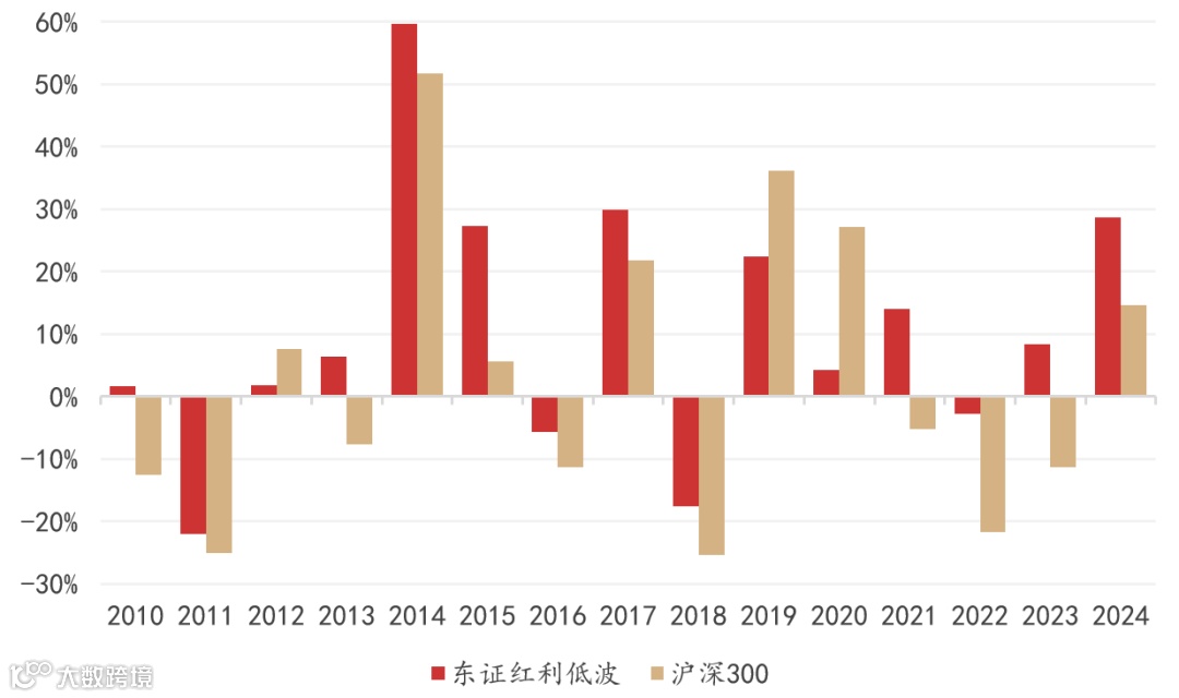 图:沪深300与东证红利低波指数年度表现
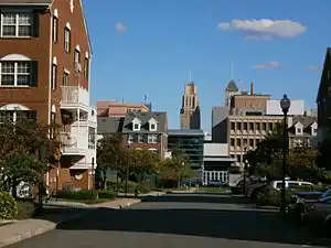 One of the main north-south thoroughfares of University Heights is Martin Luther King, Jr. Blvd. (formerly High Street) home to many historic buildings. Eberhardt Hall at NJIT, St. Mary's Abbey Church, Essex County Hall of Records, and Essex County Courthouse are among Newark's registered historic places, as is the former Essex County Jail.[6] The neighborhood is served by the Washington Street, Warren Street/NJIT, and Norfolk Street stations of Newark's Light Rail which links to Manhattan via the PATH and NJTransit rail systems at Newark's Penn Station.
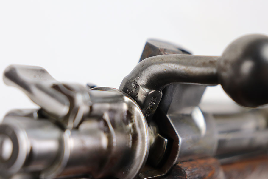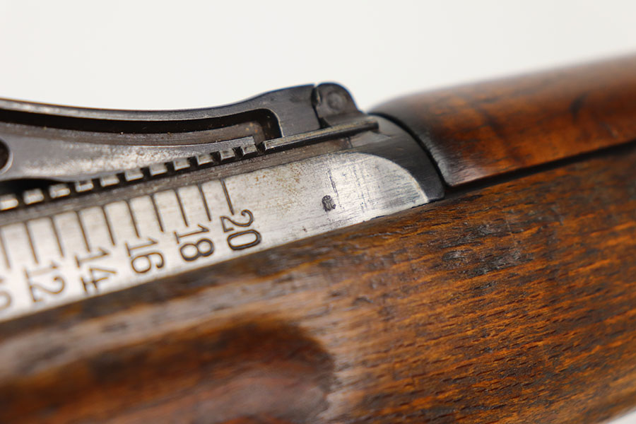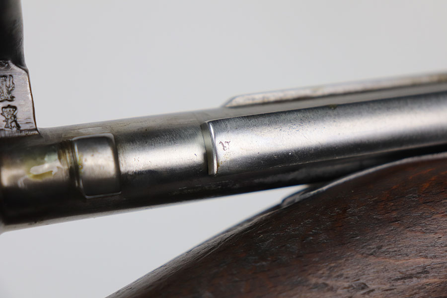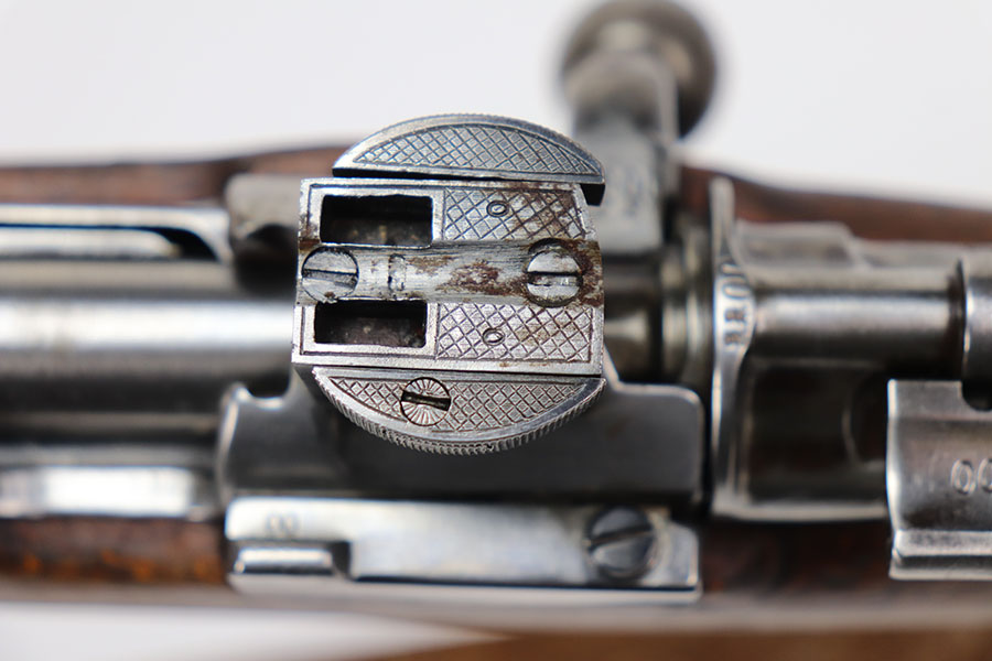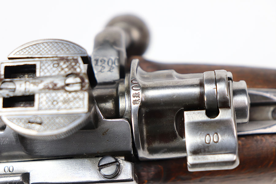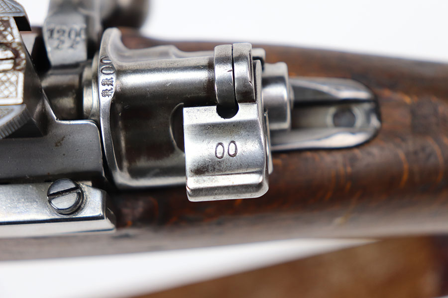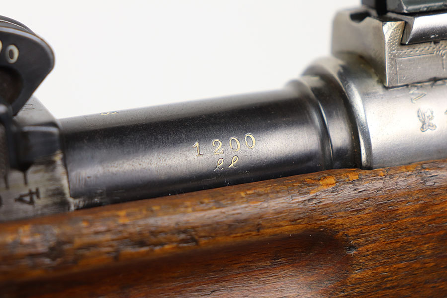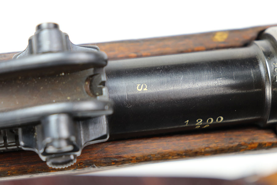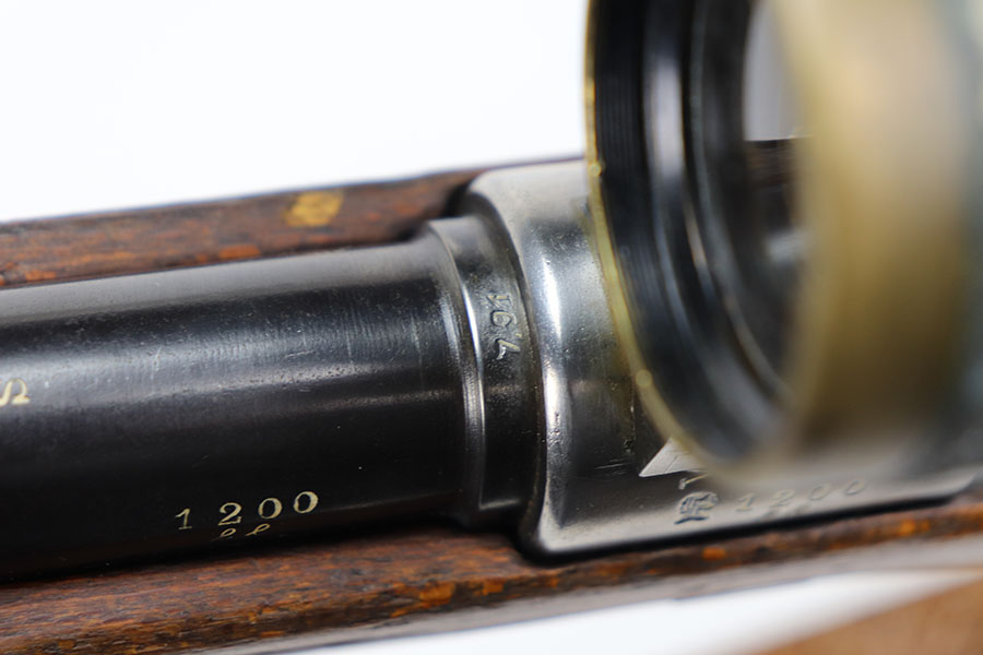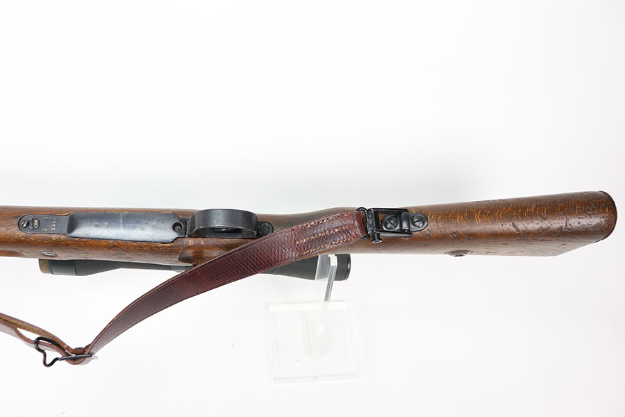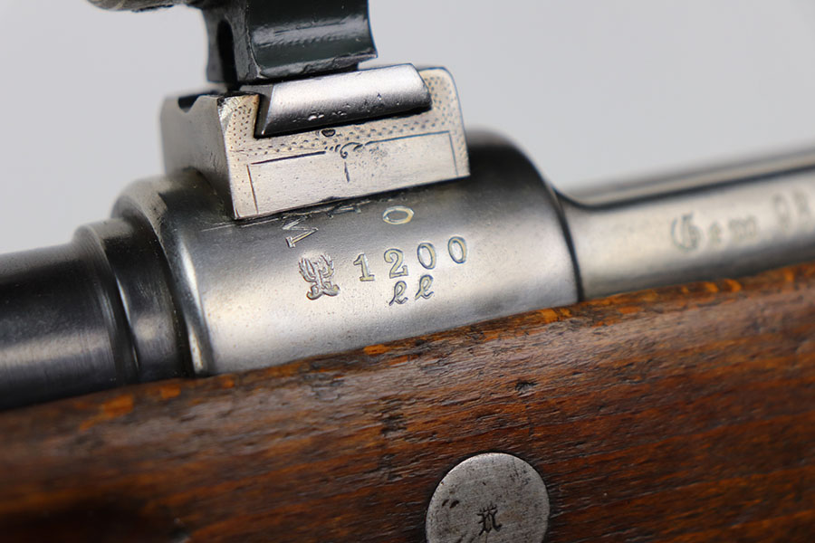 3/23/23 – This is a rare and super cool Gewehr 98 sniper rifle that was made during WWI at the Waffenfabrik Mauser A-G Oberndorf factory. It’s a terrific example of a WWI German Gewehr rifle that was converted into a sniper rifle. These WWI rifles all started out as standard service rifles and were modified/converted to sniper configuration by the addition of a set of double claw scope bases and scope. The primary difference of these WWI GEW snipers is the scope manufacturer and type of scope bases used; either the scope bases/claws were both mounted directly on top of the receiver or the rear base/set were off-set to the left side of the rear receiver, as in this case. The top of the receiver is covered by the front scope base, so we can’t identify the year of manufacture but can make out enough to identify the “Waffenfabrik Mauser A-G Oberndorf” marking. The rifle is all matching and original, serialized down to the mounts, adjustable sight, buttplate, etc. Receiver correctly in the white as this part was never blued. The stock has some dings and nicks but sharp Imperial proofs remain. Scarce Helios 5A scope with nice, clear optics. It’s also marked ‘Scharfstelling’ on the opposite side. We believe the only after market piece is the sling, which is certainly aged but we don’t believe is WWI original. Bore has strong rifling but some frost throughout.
##########
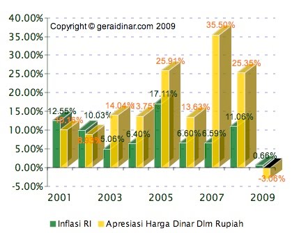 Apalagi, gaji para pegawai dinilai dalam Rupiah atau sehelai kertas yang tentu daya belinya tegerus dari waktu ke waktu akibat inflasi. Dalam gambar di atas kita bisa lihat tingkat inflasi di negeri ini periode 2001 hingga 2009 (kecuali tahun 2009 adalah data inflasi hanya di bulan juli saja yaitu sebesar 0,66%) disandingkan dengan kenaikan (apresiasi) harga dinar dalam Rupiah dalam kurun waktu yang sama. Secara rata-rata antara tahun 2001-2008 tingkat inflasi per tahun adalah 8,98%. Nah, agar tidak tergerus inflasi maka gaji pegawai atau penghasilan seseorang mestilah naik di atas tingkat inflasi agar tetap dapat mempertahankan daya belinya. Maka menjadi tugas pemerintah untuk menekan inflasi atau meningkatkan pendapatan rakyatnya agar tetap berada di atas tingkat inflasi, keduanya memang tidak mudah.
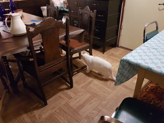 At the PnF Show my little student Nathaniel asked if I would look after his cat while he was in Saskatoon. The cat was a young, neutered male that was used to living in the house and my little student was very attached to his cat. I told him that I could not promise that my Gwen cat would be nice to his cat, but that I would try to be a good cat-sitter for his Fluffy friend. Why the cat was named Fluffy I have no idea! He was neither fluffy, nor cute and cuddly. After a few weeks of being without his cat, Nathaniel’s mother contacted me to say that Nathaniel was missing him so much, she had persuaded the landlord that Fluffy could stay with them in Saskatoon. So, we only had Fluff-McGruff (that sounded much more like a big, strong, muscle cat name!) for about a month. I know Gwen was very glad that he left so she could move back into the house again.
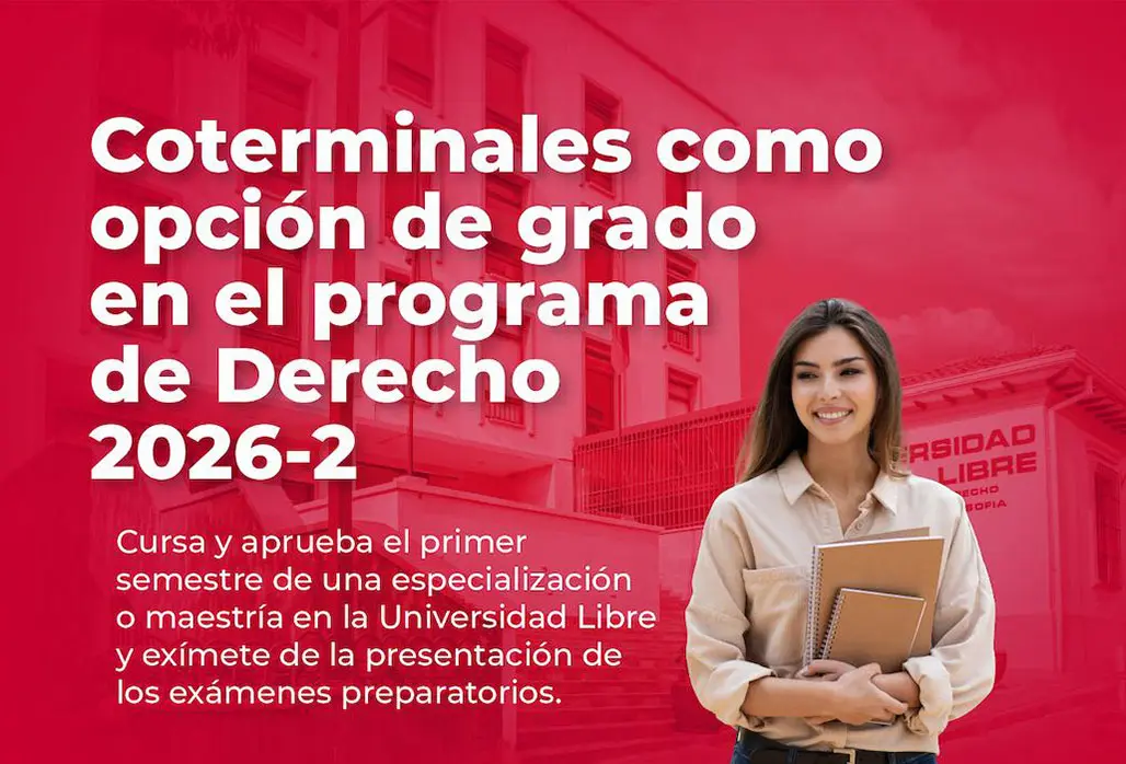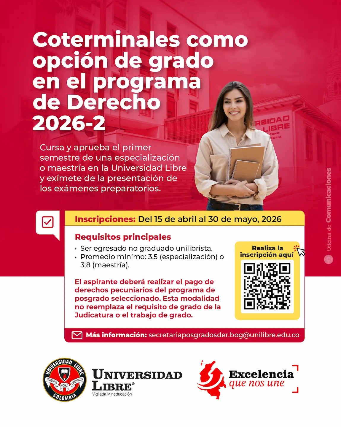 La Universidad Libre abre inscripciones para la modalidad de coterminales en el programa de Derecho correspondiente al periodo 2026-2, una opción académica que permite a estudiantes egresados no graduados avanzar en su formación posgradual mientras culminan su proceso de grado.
##########
### Work task
Copy everything above from the line holding "图:沪深300与东证红利低波指数年度表现" down to the line holding "One of the main", both ends included, exactly as it stands and without the pictures.

### Result of the task
 图:沪深300与东证红利低波指数年度表现
 One of the main north-south thoroughfares of University Heights is Martin Luther King, Jr. Blvd. (formerly High Street) home to many historic buildings. Eberhardt Hall at NJIT, St. Mary's Abbey Church, Essex County Hall of Records, and Essex County Courthouse are among Newark's registered historic places, as is the former Essex County Jail.[6] The neighborhood is served by the Washington Street, Warren Street/NJIT, and Norfolk Street stations of Newark's Light Rail which links to Manhattan via the PATH and NJTransit rail systems at Newark's Penn Station.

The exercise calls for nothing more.